Saturday 13 December 2014

Russia-NK Opening Sends Message to Region

By Dmitri Trenin

The recent visit to Russia by a special representative of North Korean leader Kim Jong-un has highlighted Moscow's new opening to Pyongyang. It comes after other visits and meetings between Russians and North Koreans that have become more frequent of late. 

Evidently, Russia is bidding to play a more active role on the Korean Peninsula and in Northeast Asia as a whole. By reactivating its policy on Pyongyang, Moscow is sending messages to Seoul, Tokyo, Washington and Beijing. These should be properly understood.

The message to Seoul is that Moscow has regained a bit of influence in the North, which it can use in dealing with the South. This can refer both to stability-building economic projects, such as the proposed Trans-Korean gas pipeline and the rail link, and to security concerns such as the nuclear issue and the military standoff across the Demilitarized Zone.

Clearly, Moscow expects Seoul to stay away from the US-led sanctions drive against Russia. The Kremlin regards the sanctions as a means of war, and considers the sanctioning countries as unfriendly.

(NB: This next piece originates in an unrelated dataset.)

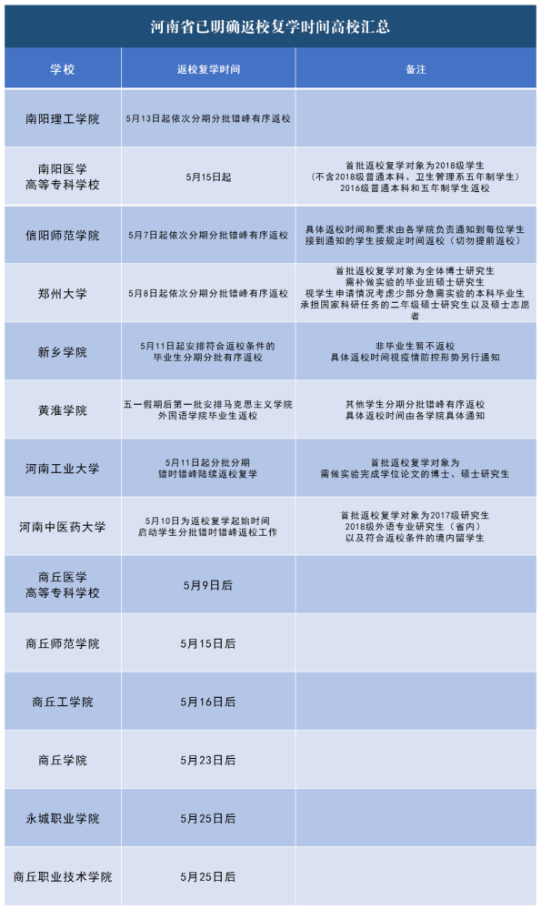 目前,河南多所高校已明确返校复学时间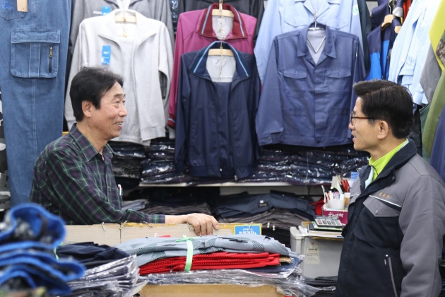 김문수 자유한국당 서울시장 후보가 17일 새벽 동대문 평화시장을 찾아 "오늘날 대한민국의 발전은 힘든 환경을 이겨내고 묵묵히 일해온 미싱(재봉틀) 여공들과 어린 시다(보조)들의 희생 덕분이다"라고 밝혔다.

If Seoul wants to keep the good relationship with Moscow that emerged at the end of the Cold War, and even fill part of the niche vacated by Germany, it needs to protect its economic ties to Moscow from US pressure to curtail them.

The message to Tokyo is different. Japan has already crossed the line, in terms of anti-Russian sanctions. In response, Russia is toughening its position toward Japan. The window for resolving the long-running territorial dispute over the South Kuril Islands has closed. Rather than balancing China, as Japanese Prime Minister Shinzo Abe had hoped, Moscow is getting closer to Beijing, in both energy and military spheres.

Russia is also bolstering its own geopolitical and military presence in Northeast Asia. Following Washington's policy on Russia has its costs for Tokyo.

Washington, which now brands Russia as a member of the new "axis of evil," alongside the IS and Ebola, has, for the first time since the end of the Cold War, gained a major adversary.

Even though most Americans continue to see Russia as a declining power, the new confrontation promises to be long and tough. US strategic planners will have to factor Russia back in also in the Pacific, where China has emerged at the pinnacle of the Kissingerian triangle of Washington, Moscow and Beijing.

The message to Beijing is more subtle and much friendlier. Russia recognizes China's strength, respects its interests, and regards it as a close partner, valuing highly the relationship with it.

At the same time, Russia sees itself as a great power in its own right, which acts out of its own set of interests and underlying values.

To Beijing, Moscow can be a friend, but not a follower. Russian and Chinese positions on a great number of issues may coincide or overlap, but even there Moscow will act as its own man.

The Chinese will appreciate it: The Sino-Soviet alliance of the 1950s unraveled when the Russians failed to understand that China, even in its relative and temporary weakness at the time, never stopped thinking of itself as a great power, second to none.

Pyongyang may be tired of Beijing relaying US messages to them. North Koreans may hope to gain something from Moscow, which is now back in long-term conflict with Washington.

However, they, too, need to see the limits of their old game of playing one sponsor off another. To be a real player, North Korea needs to step out of its isolation and reenter the region.

Restarting the Six-Party Talks, as the North Korean leader suggested in his message to Russian President Vladimir Putin, is the right first step. Sending that message through Moscow, under the present circumstances, is a smart move.